This is not pie in the sky - I have a number of friends in the West who do precisely that today. One of them only visits his local service station to check the tyre pressures and has not bought fuel since 2010 (first gen Nissan Leaf). He does over 150Kms per day from the hills down to the flats (CBD) and back up those steep hills in the afternoon when the batteries are partially depleted. His work - a cost accountant - says it all. They are now a three EV family without a conventional car.
FWIW, I will probably join them after I finish my new build in the next few months - I am adding an extra 6Kw of Solar panels to the existing 3 Kw to do precisely that. My only contribution to the grid after that will be to send them power unless the supply charge ripoff (nearly $1 per day) together with the minuscule 7 cents per Kwh I am paid (yet they have the gall to charge me 32 cents per Kwh - how do you like that markup?) by them becomes uneconomic overall - in which case I will go off grid altogether. The other advantage is to actually have 24 / 7 / 365 power which is no longer the case here in Rocky (try 4 blackouts in a typical month, yet our suburb's demand is actually around 20% lower here now compared to two years ago). I already feel I am paying a premium for a "barely fit for purpose" power grid. Recent talk about privatising the WA grid would mean even less is spent on maintenance and prices will undoubtedly increase even more. That may be another tipping point over here, and perhaps in the rest of Oz as well.

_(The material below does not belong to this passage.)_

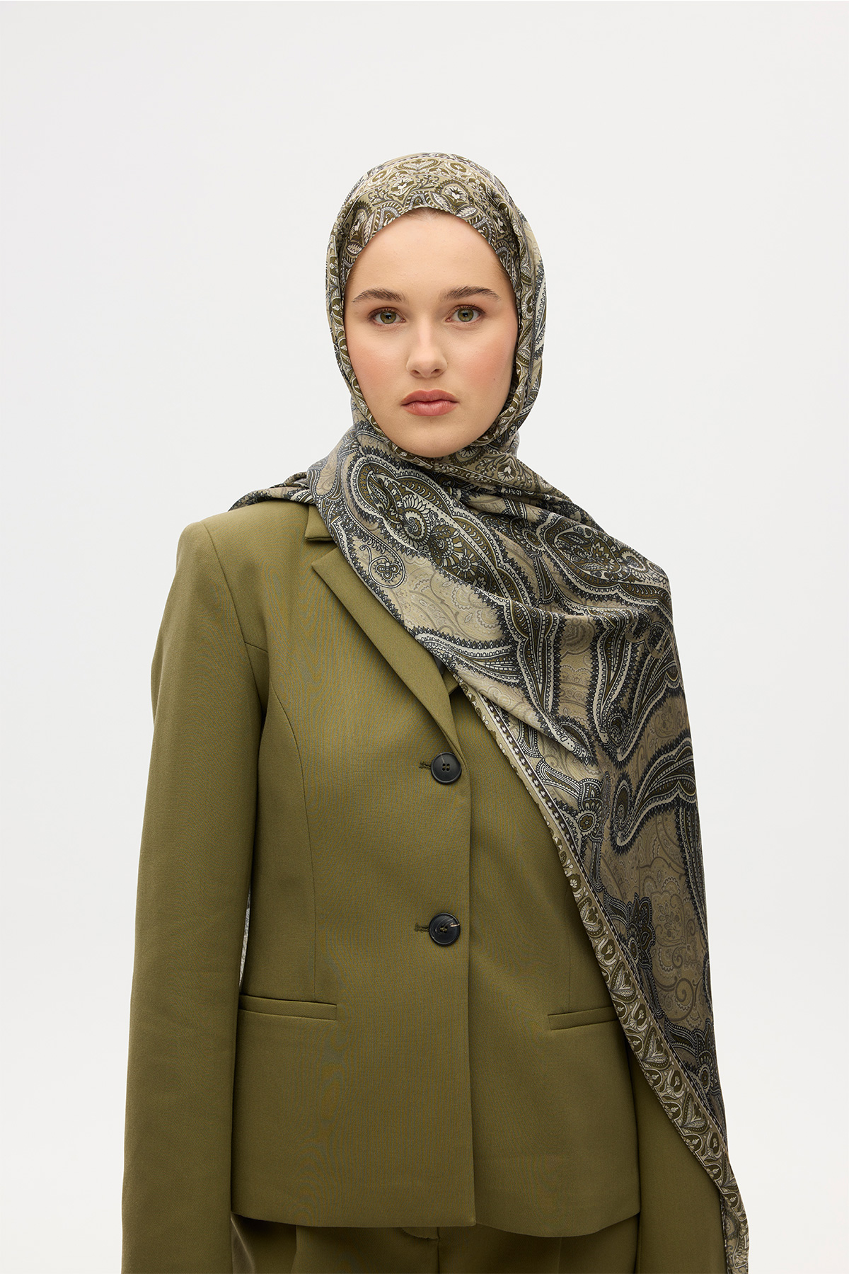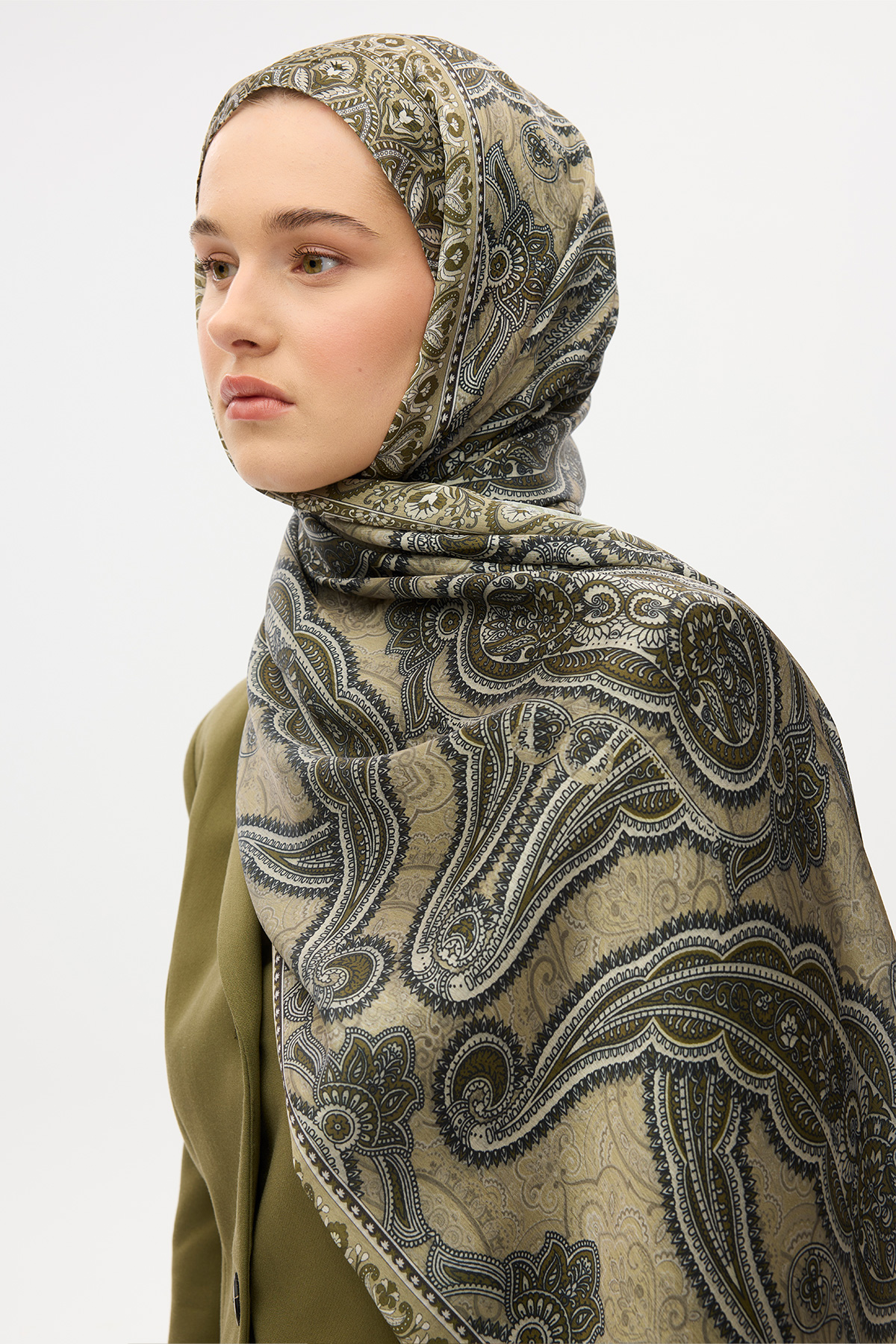 İdol Saten Janjan Şal - Haki - Camellia Scarfs İdol Saten Janjan Şal - Haki - Camellia Scarfs (1)

Not only NREL USA "National Renewable Energy Labs, Golden, Colorado" (where my ex - wife2 did her PHD whilst we were separating - a set of buildings I know like the back of my hand) know the USA grid will cope, but any Oz scientist in the area will say the same thing about the "national grid" (which excludes WA). I wonder what will happen when the demand for power (roughly level in Oz over the last 5 years, despite the population increase) starts to fall dramatically as the balance tilts more towards self generation here? A few weeks ago some Canberra Pollies were wondering if they should add an extra amount to EV car rego as they were not paying the Gov't fuel tax (about 1/2 our fuel bill is actually gov't taxes) - so someone in the ACT can see what is going down - their revenue and their control.